First Rewiewer_2 raised the question of whether we control for accuracy in our experiments comparing running time. We do control for accuracy, and our submission states that, "For a fair comparison, we choose parameters such that the mean relative error of all three algorithms is around 10%, and for those parameters we measure the mean running time of all three algorithms." Since the mean relative errors are comparable, we omitted them, but we'd be happy to include them in a table in the full version of the paper. Similarly we omitted details on the size of the graphs we use (instead providing a link to the source which has such details), but in response to Reviewer_2's constructive feedback we'd be happy to provide a table describing the graphs we use in the full version of the paper.
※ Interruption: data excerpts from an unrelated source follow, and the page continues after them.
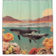 Surreal Ocean Scene With Whales And Coral Shower Curtain
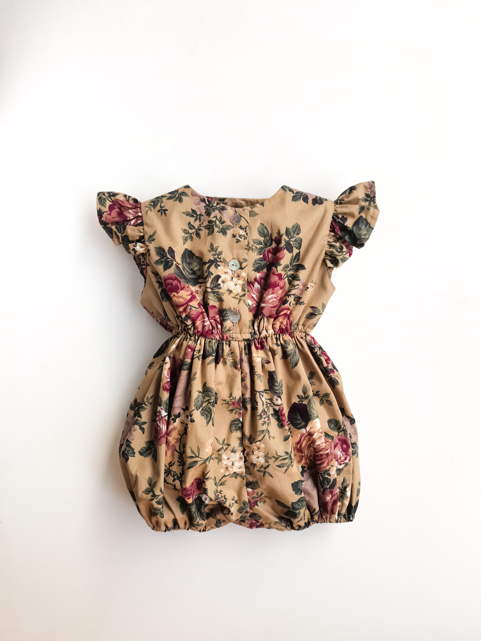 This stylish romper features a delicate frill sleeve, beautiful shell buttons, and fastening leg poppers for easy changing.
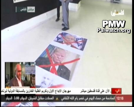 Pictures of Trump and Netanyahu with red crosses on their faces at event honoring Arafat at Nablus branch of Al-Quds Open University
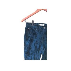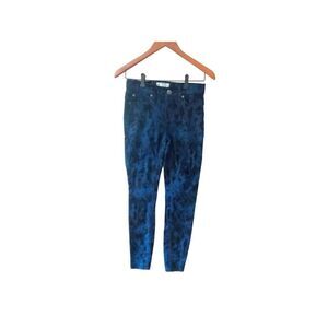 Free People Brocade Flocked Skinny Indigo Blue Floral Jeans Size 24
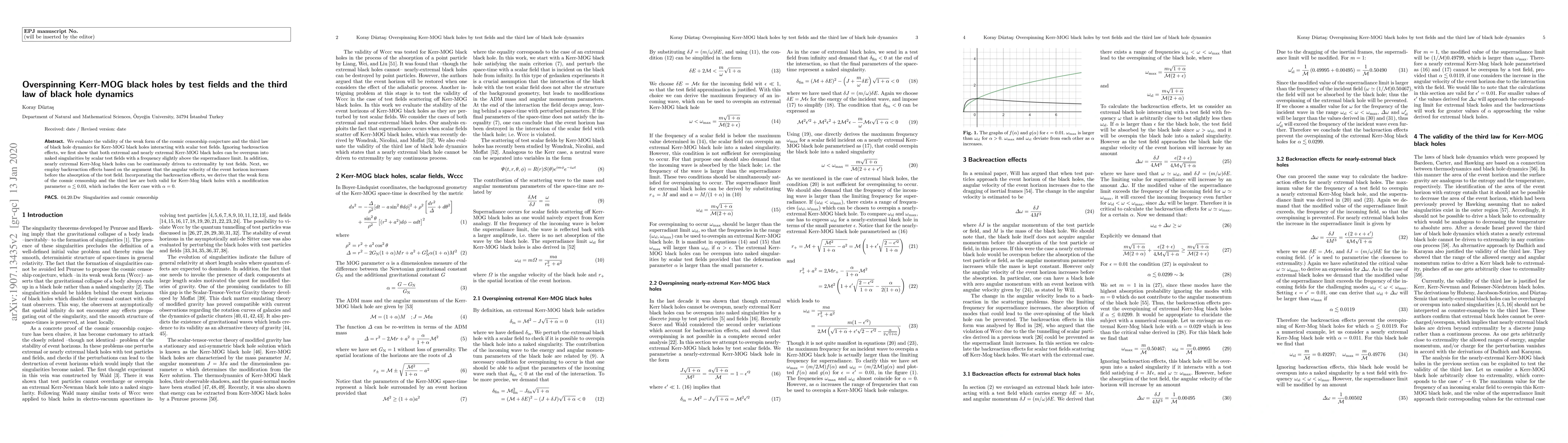 We evaluate the validity of the weak form of the cosmic censorship conjecture and the third law of black hole dynamics for Kerr-MOG black holes interacting with scalar test fields. Ignoring backreaction effects, we first show that both extremal and nearly extremal Kerr-MOG black holes can be overspun into naked singularities by scalar test fields with a frequency slightly above the superradiance limit. In addition, nearly extremal Kerr-Mog black holes can be continuously driven to extremality by test fields. Next, we employ backreaction effects based on the argument that the angular velocity of the event horizon increases before the absorption of the test field. Incorporating the backreaction effects, we derive that the weak form of the cosmic censorship and the third law are both valid for Kerr-Mog black holes with a modification parameter $\alpha \lesssim 0.03$, which includes the Kerr case with $\alpha=0$.

Because our algorithm could be used in many diverse current and future applications, it was not easy for us to choose the best applications to describe and to focus on in experiments. To highlight the performance and generalizability of our estimator, we chose heat kernel estimation, a task which is not obviously related to Markov chain multi-step transition probability estimation, but which also has practical relevance to estimating whether a pair of nodes in a network are members of the same community.
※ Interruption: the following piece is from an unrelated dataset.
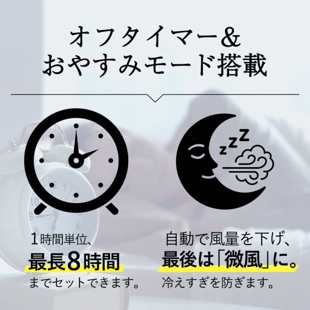 ・おやすみモードでは自動で就寝時に最適な風量に設定されるので、快適な睡眠をサポート。

Regarding the fairness of experiments, Rewiewer_2 and Reviewer_8 are correct that our algorithm estimates random walk probabilities like the heat kernel between individual (source, target) pairs, rather than from one source to all targets. This is an important difference, and our paper states it explicitly, as Reviewer_2 aptly quotes. Thus our algorithm is relevant in applications where we compute probabilities from a source to one or a few targets. For example consider the problem of re-ranking search results: If a user in a social network like Facebook searched for a common name like "Adam," and Facebook used some other algorithm to find a set of top-k candidates, Facebook may want to boost the rank of candidates which have a high heat-kernel score from the searching user. This is because past work has shown that users in the same community tend to have a higher heat kernel score than other users, and the searching user is presumably more interested in nodes matching the query which are also members of the searcher's community. Similarly, any set of nodes could be personalized in this way, for example when viewing a web page showing an event along with a current set of attending users in some social network, the attending users could be ranked in decreasing heat-kernel score from the viewing user, to highlight members of the same community. In the final version of our paper we'll clarify that our application to heat kernel estimation is most relevant in applications like these involving pairs of node.

Separately, because some reviewers have correctly noted that we simplify and extend FAST-PPR (reference [2] in the paper), we would like to reiterate the improvements of our algorithm relative to FAST-PPR:
- The theoretical bounds obtained in [2] are for a complex variation of FAST-PPR based on 'bouncing random-walks'; FAST-PPR itself has a residual bias and no theoretical accuracy guarantees. Our alternate approach gives a simple estimator which is both unbiased and fast, with a clean analysis.
- The theoretical algorithm in [2] uses structural properties of PageRank including the memoryless property of the walk length distribution, and it is unclear if it extends to the more general MSTP problem.
- FAST-PPR is based on detecting when walks hit a 'frontier set' of nodes - this is not easy in practice, and particularly difficult to parallelize. Our estimate is a simple dot-product - this is very simple to implement and parallelize.

Because our submission presents a fundamentally new way of estimating Markov chain multi-step transition probabilities and a clean analysis of its accuracy and running time, we believe it is a valuable contribution to the NIPS community. We only had space to describe experiments with one application, Heat Kernel estimation between a pair of nodes, but in that application we demonstrate that our algorithm is 100x faster than previous algorithms while controlling for accuracy, showing that our algorithm is efficient in practice. Because of the generality of our result, it has diverse applications, and we expect that more applications of it will arise in the future.